» **Description of the task**: An exact copy is the goal: every line from the one containing "Refaced billboard at North Sydney" to the end of the material below, pictures excluded.

» **Supplied material**:
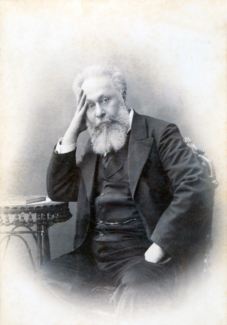 Georgian poet and national liberation movement figure Akaki Tsereteli, photographed no later than 1915 in Tbilisi
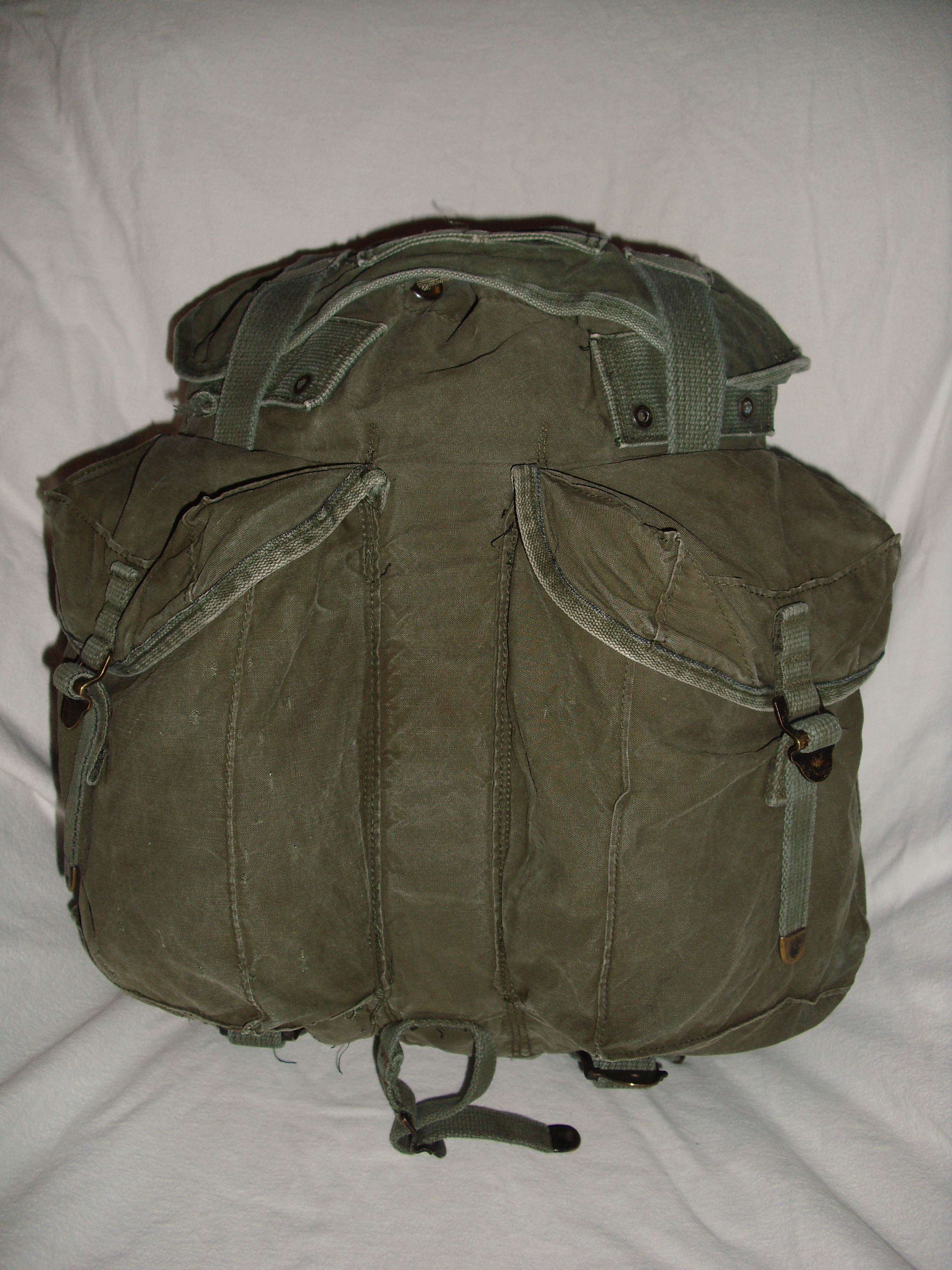 ARVN Rucksack Front
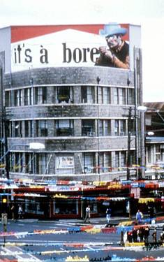 Refaced billboard at North Sydney
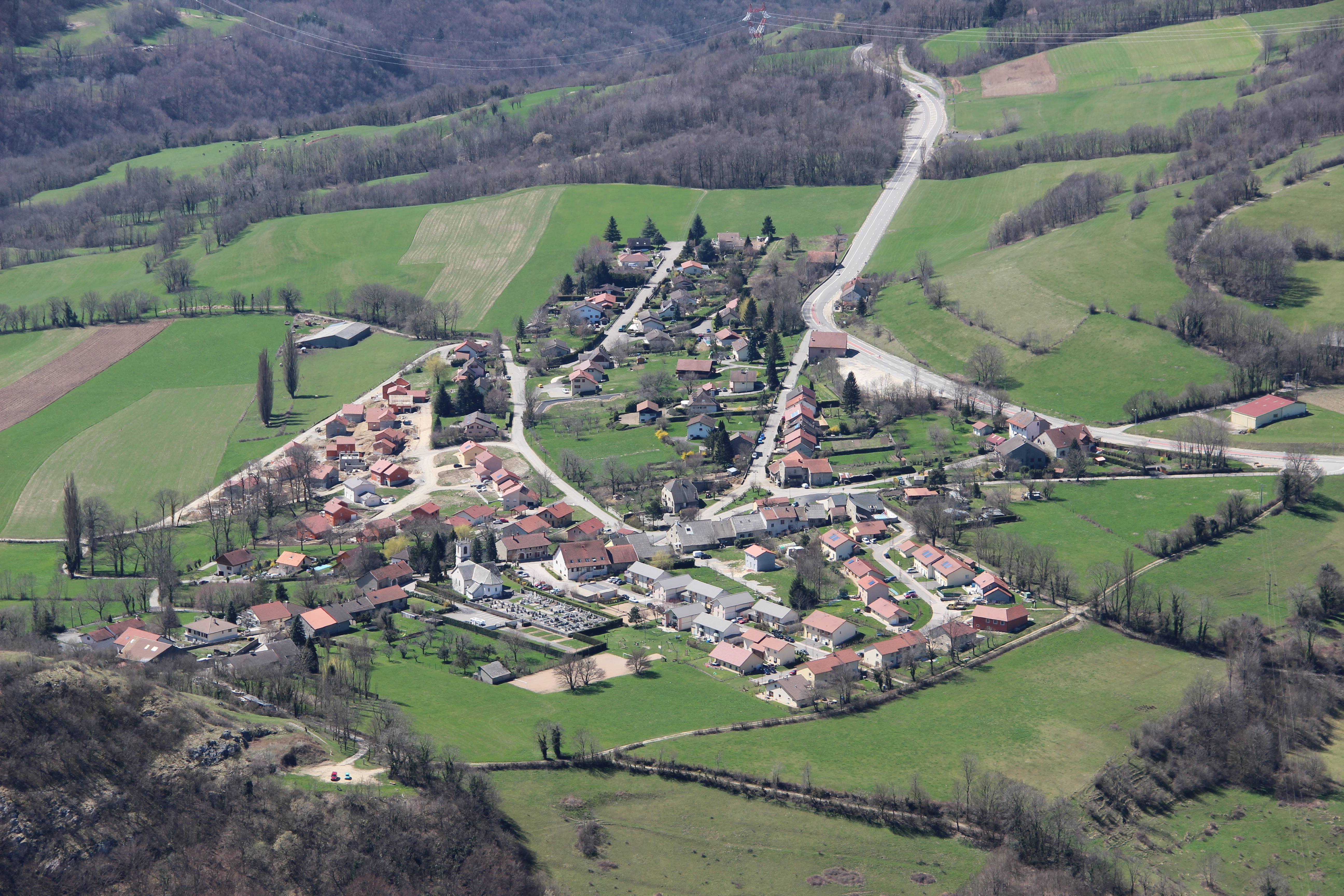 View onto Léaz from the Vuache

» **Result of this task**:
 Refaced billboard at North Sydney
 View onto Léaz from the Vuache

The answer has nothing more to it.